Published on July 29, 2022

The Pride of the Plains

Photography by Jason Masters

New expansion signals start of bold new chapter

The first thing that happens as you walk through the front doors of Ozark Healthcare’s sparkling new expansion is the feel of your gaze pulled upward. Taking in the soaring reception area awash in light, your gaze meets the hypnotic hanging sculpture undulating above you. The abstract representation of the mountains and rivers for which the area is known sways gently by its tethers, recreating magically the mountain breeze and gentle water.
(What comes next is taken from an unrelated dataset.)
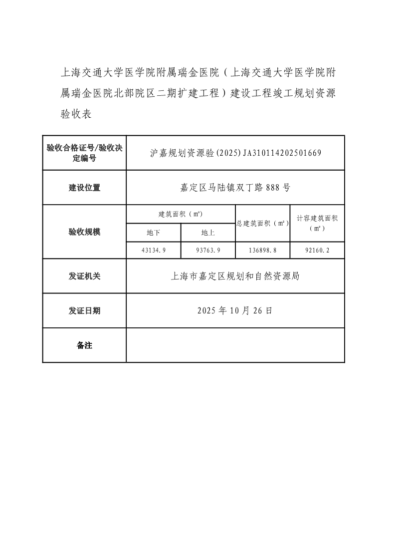 沪嘉规划资源验(2025)JA310114202501669竣工规划资源验收表(上海交通大学医学院附属瑞金医院)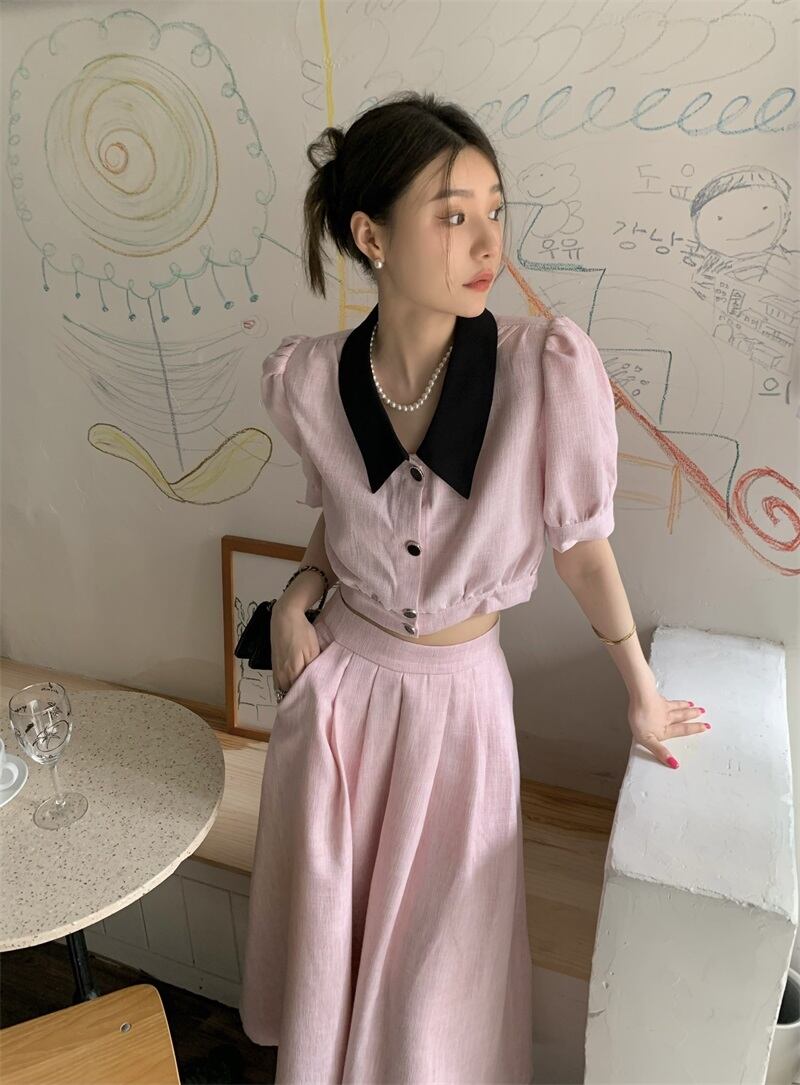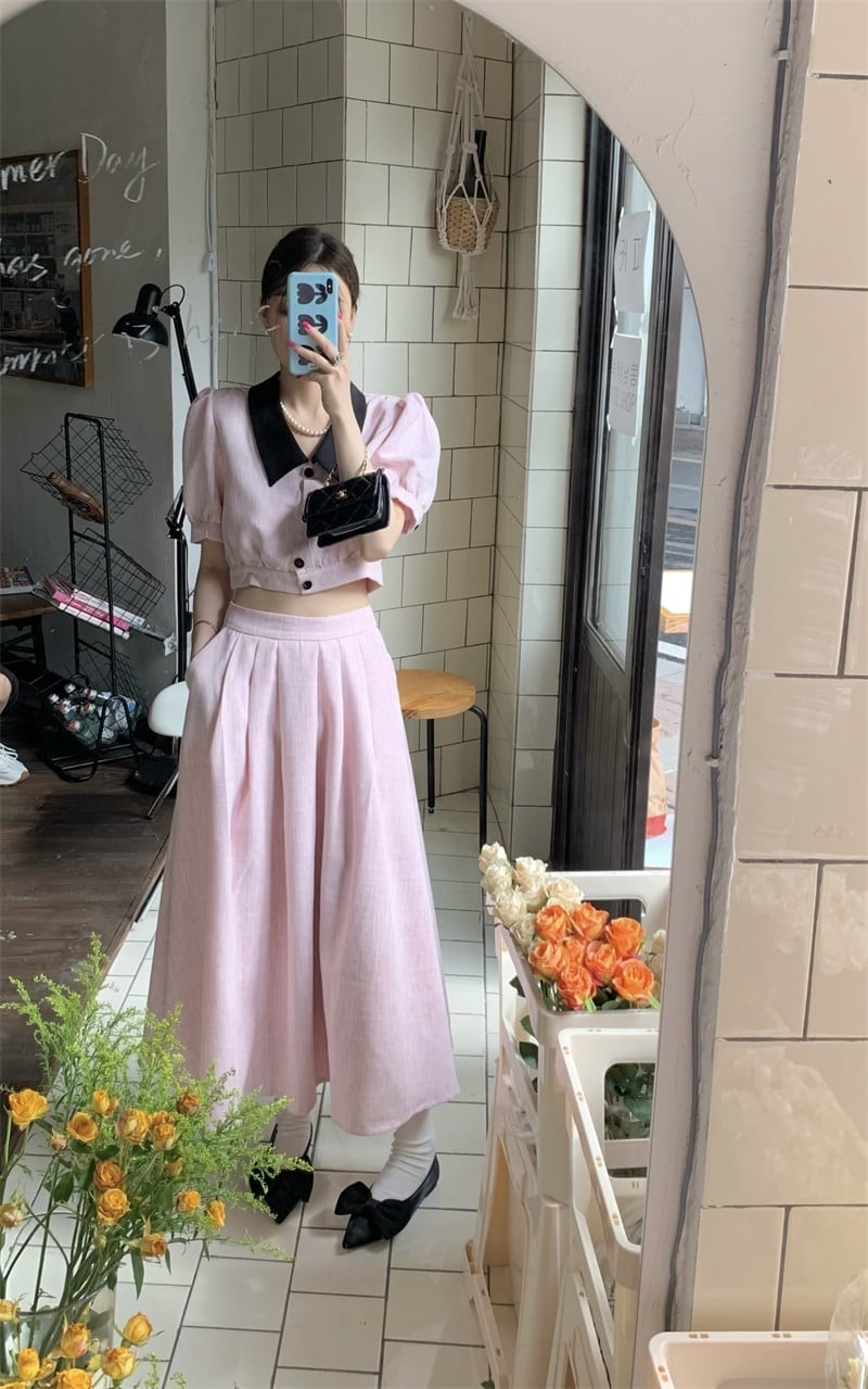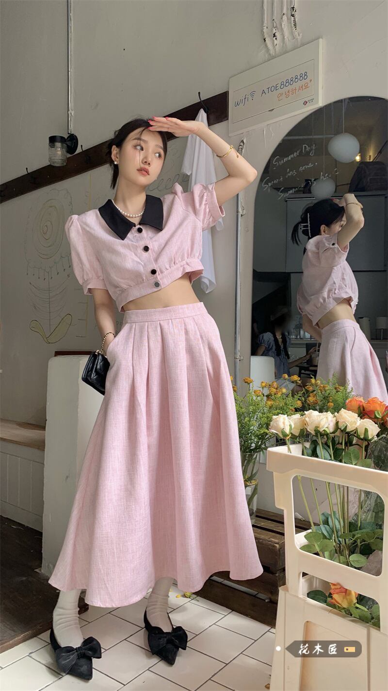 Xiaoxiangfeng suit female summer short-sleeved shirt coat high waist skirt long skirt fashionable high-end two-piece tide ハイウェスト ロング サマー 夏物 スカート 092192544312847

But there’s something else that this impressive work of art brings to mind. Made up as it is of many smaller pieces, the mid-air mosaic also gives a subtle nod to the thousands of physicians, administrators, medical providers and staff who have worked, practiced and led the health system through the years. Not to mention the generations of people who, looking to the hospital as a center point of civic pride, offered countless volunteer hours and millions in donations, dreaming of a time when a building such as the 100,000-square-foot expansion would become a reality.
“We wanted the atrium to reflect symbolically what we feel like our place is in the Ozarks,” said Josh Reeves, Ozark Healthcare’s Vice President of Development. “The sculpture in the lobby shows what we feel as the healthcare provider of South-Central Missouri. It was very important for us to be able to produce this building in service to the community. Every time people walk in here, we want them to know it’s a special place.”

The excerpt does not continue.